I think about moving myself there from time to time, but I can't help but think of Michigan as a cultural wasteland, despite their desire to draw a crowd I identify with and whose goals I would like to further.
posted by Jeffy at 8:44 AM on September 24, 2002

I a Michigan native would often ponder...

"An Alternative Power Source or the Lions winning the Super Bowl. Which would come first?"

guess i got my answer?

jeffy your just mad cause we got the murder capital...
and the stanley cup...

death & hockey, the two constant things in life.
posted by Dreamghost at 9:00 AM on September 24, 2002

I have said that Michigan will (help) solve this energy problem. We have the Mandate. We have the resources, we have the machines.
(insert oscar goldman joke here)
jeffy, don't move here, stay in Chicago (which i adore) Have you been to Ann Arbor?...bah. Yes, we are not as culturally refined as New York or Boston or Philly or Chicago. But we have heart, spirit, and industrial might. (insert SUV and Madonna jokes here)

(clav irony for the day)
-the discovery of oil in southern Persia- 1908
-the formation of general Motors-1908
posted by clavdivs at 9:15 AM on September 24, 2002

My town (New York) decided to stop recycling glass and plastic.
posted by panopticon at 9:43 AM on September 24, 2002

Michigan as a cultural wasteland
i resemble that remark. my hometown, comstock park, formed a downtown development authority to capture property taxes in the district, thus enabling the installation of some real nice fake gaslights along the sidewalk. cultural wasteland? our fake gaslit sidewalks will rival any fake gaslit sidewalks in the nation!
posted by quonsar at 10:13 AM on September 24, 2002

As a resident of Ann Arbor and a student in Detroit, I must say that Michigan is not a cultural wasteland. A lot of good things happen here; cpop has continuously improved over the last few years, UofM is a good school and home to many annoying students, the DEMF was once a great thing, and some people make instruments out of pinecones.

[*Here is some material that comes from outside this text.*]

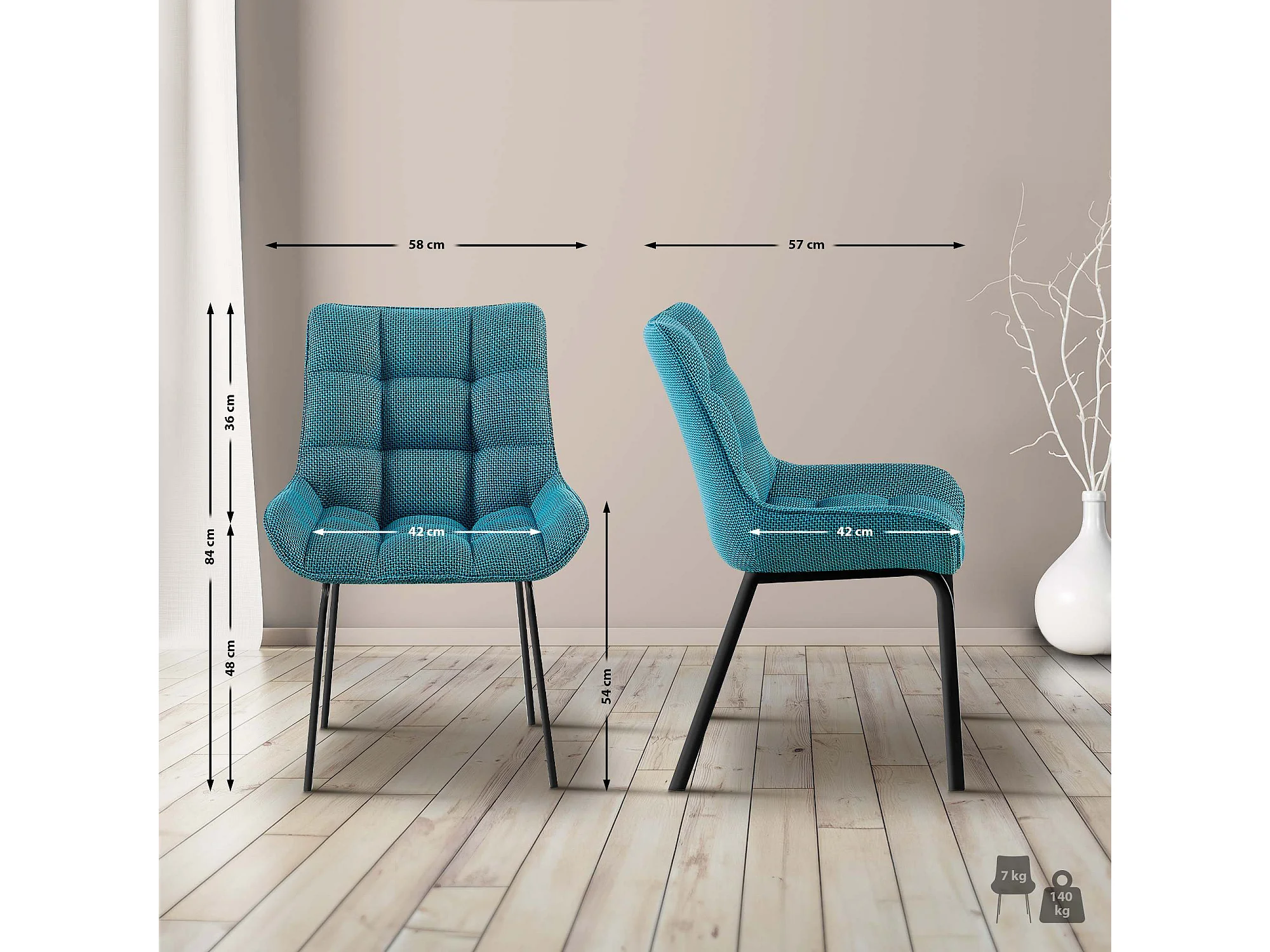 Lot de 4 chaise salle à manger - Tissu & Noir - Turquoise - Saranda

Don't let Kid Rock mislead you.

And yay for my school.
posted by christiaan at 10:18 AM on September 24, 2002

Detroit: Arsenal of Democracy

We may not have culture, but we can run you over with a tank.
posted by BinGregory at 10:26 AM on September 24, 2002

Michigan: Not a cultural wasteland, but can't really be compared to Chicago.

It should be noted that GM also is very prominent in developing fuel-cell technology. See, then they would control both the vehicles and the fuel supply. And, of course, clean fuels certainly stand a better chance if the Big Three expect to be one the ones who profit. Sad, but true. (Then again, GM once had a subsidiary that existed solely to buy trolley-car lines and put them out of business.)
posted by oddovid at 10:32 AM on September 24, 2002

Born, raised and schooled in Michigan (26 years).

Currently living in Chicago (6 years).

I love my home state, but it IS boring.

I wish the program great success. It does make some sense, however, that Wayne State would land the project given the city's ownership by the automobile industry. And it would be nice to see this burgeoning industry ultimately act as another step toward getting Detroit back on it's feet.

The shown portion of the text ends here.